During the singing of these songs the flags of Habonim and the Israeli flag are raised.

Origins in the United Kingdom
Quoting the official history of Habonim Great Britain, "a certain mystique surrounded the question of who founded the Habonim Movement but there is little doubt that the major personality behind the idea was Wellesley Aron". Aron acknowledges that he could not have succeeded without Chaim Lipshitz, who organized the first model Gedud (group), and Norman Lourie, whose enthusiasm helped generate other volunteer leaders. Lourie went on to found Habonim South Africa. Encouraged by them, Aron wrote the outline for the first Handbook and by April 1929 their organization was given the name Habonim. This was followed the next month, May 1929, by the first group, "Gedud Trumpeldor" led by Lipschitz. This date is acknowledged as the official founding date of Habonim.

According to Aron, he modeled Habonim after Baden-Powell's Boy Scouts.  The idea soon spread to other English-speaking countries and ex-colonies where Jews resided. In 1930, Norman Lourie founded Habonim Southern Africa, with the first camp taking place at Parys in 1931. Initially the idea was a "Jewish Youth Cultural Movement" for children aged between 12 and 18. Unlike other organizations in other countries, the movement was initially intended to be of a non-Zionist (non-political) kind.

Early history
Lipschitz was the natural person to lead the first group since he had already organized meetings of boys at his father's Cheder (school room) and they were well established by December 1928. (Incidentally this Cheder was one of the few more-progressive of these establishments, many were unattractive places that taught only traditional Hebrew and Torah (Biblical law).) The new group was where Chaim taught Modern Hebrew along with songs and dances of the Jewish settlers in Palestine, Jewish history and various games. Chaim was assisted by Norman Lourie, a visitor from South Africa who had previously visited Palestine. The aim of these group meetings was to attract and better educate the Jewish children of immigrants from Poland and Russia (mostly pre 1905, when immigration to the U.K. was severely limited), about their Jewish history and about the progress of the Jews presently living in Palestine. These children had somewhat dismal lives in the slums of the East-End, (Stepney and Whitechapel) which were not lightened by the mostly poor Cheder education system then available.

Official founding
The first meeting of leaders of the Jewish youth community as reported by Wellesley Aron, was in a letter to Dr. S. Brodetsky (of the Zionist Foundation) on 11 January 1929. Wellesley mentioned that only 5 people attended, but that Norman Lourie (the third founder) called a larger meeting for the following week (10 January) where representatives from at least 7 Jewish youth organizations were present. This meeting was in London at 77 Great Russel Street EC1. England at this time was the center of political Zionism, after the Balfour Declaration in 1917 had stated that "His Majesty's Government favourably viewed the establishment of a Jewish National Home in Palestine" (then under British mandate).

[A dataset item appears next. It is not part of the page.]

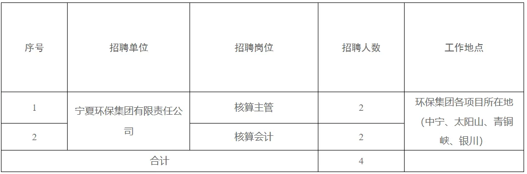 宁夏环保集团有限责任公司属宁夏国有资本运营集团有限责任公司二级子公司,由宁夏国有资本运营集团有限责任公司与宁夏水务集团有限公司共同出资组建,公司成立于2017年8月,主要承担自治区公益性、准公益性、经营性环保产业项目的规划、投资、建设、运营管理。宁夏环保集团有限责任公司及各权属公司,计划面向社会公开招聘财务人员4名:

The new youth movement Habonim (The Builders) was deliberately non-Zionist in ideology. The first Gedud Trumpeldor was built on Lipschitz's existing youth group in Stepney with Lipshitz as Rosh (leader) assisted by Norman Lourie. In May 1929 the first 27-page hand-booklet detailing how Habonim was to function was published by Aron with help in the mimeographing from Norman Lourie and his friend Nadia, who he later married.

They both returned to Norman's home country South Africa in 1930, to establish Habonim branches in various towns and countries in that continent and in India.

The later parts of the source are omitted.